§ HOW TO COMPLETE THIS TASK
Set down the records below in full, exactly as they read.

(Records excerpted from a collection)
--- START ---

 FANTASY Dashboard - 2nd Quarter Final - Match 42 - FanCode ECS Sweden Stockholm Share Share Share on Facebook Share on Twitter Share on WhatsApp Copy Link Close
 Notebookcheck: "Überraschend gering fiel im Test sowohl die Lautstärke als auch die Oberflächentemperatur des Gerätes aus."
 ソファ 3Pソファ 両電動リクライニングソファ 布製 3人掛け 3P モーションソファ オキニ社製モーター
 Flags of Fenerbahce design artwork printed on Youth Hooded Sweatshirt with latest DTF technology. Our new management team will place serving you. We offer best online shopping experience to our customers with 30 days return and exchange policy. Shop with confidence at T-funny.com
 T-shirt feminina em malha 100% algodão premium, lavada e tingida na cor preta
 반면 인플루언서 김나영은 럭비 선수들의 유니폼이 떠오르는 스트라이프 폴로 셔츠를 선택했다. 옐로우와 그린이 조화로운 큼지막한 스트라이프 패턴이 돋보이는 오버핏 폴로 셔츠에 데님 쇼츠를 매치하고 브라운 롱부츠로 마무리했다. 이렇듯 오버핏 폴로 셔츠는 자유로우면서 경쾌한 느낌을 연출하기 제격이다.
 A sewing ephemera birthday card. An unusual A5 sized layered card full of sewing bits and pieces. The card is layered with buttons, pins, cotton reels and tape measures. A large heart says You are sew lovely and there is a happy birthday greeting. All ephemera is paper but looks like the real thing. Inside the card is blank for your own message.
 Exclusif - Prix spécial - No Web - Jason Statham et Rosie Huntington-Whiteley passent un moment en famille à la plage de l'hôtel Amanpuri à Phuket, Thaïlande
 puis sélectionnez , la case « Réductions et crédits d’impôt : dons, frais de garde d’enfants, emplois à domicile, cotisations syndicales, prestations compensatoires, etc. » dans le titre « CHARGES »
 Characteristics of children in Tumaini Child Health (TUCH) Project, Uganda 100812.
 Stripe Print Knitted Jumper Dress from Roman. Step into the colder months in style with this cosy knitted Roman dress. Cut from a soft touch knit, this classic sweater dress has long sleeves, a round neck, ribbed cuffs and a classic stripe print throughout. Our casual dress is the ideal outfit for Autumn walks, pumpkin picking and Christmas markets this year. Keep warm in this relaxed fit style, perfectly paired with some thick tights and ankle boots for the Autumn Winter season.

--- END ---

§ ANSWER TO THIS TASK
 FANTASY Dashboard - 2nd Quarter Final - Match 42 - FanCode ECS Sweden Stockholm Share Share Share on Facebook Share on Twitter Share on WhatsApp Copy Link Close
 Notebookcheck: "Überraschend gering fiel im Test sowohl die Lautstärke als auch die Oberflächentemperatur des Gerätes aus."
 ソファ 3Pソファ 両電動リクライニングソファ 布製 3人掛け 3P モーションソファ オキニ社製モーター
 Flags of Fenerbahce design artwork printed on Youth Hooded Sweatshirt with latest DTF technology. Our new management team will place serving you. We offer best online shopping experience to our customers with 30 days return and exchange policy. Shop with confidence at T-funny.com
 T-shirt feminina em malha 100% algodão premium, lavada e tingida na cor preta
 반면 인플루언서 김나영은 럭비 선수들의 유니폼이 떠오르는 스트라이프 폴로 셔츠를 선택했다. 옐로우와 그린이 조화로운 큼지막한 스트라이프 패턴이 돋보이는 오버핏 폴로 셔츠에 데님 쇼츠를 매치하고 브라운 롱부츠로 마무리했다. 이렇듯 오버핏 폴로 셔츠는 자유로우면서 경쾌한 느낌을 연출하기 제격이다.
 A sewing ephemera birthday card. An unusual A5 sized layered card full of sewing bits and pieces. The card is layered with buttons, pins, cotton reels and tape measures. A large heart says You are sew lovely and there is a happy birthday greeting. All ephemera is paper but looks like the real thing. Inside the card is blank for your own message.
 Exclusif - Prix spécial - No Web - Jason Statham et Rosie Huntington-Whiteley passent un moment en famille à la plage de l'hôtel Amanpuri à Phuket, Thaïlande
 puis sélectionnez , la case « Réductions et crédits d’impôt : dons, frais de garde d’enfants, emplois à domicile, cotisations syndicales, prestations compensatoires, etc. » dans le titre « CHARGES »
 Characteristics of children in Tumaini Child Health (TUCH) Project, Uganda 100812.
 Stripe Print Knitted Jumper Dress from Roman. Step into the colder months in style with this cosy knitted Roman dress. Cut from a soft touch knit, this classic sweater dress has long sleeves, a round neck, ribbed cuffs and a classic stripe print throughout. Our casual dress is the ideal outfit for Autumn walks, pumpkin picking and Christmas markets this year. Keep warm in this relaxed fit style, perfectly paired with some thick tights and ankle boots for the Autumn Winter season.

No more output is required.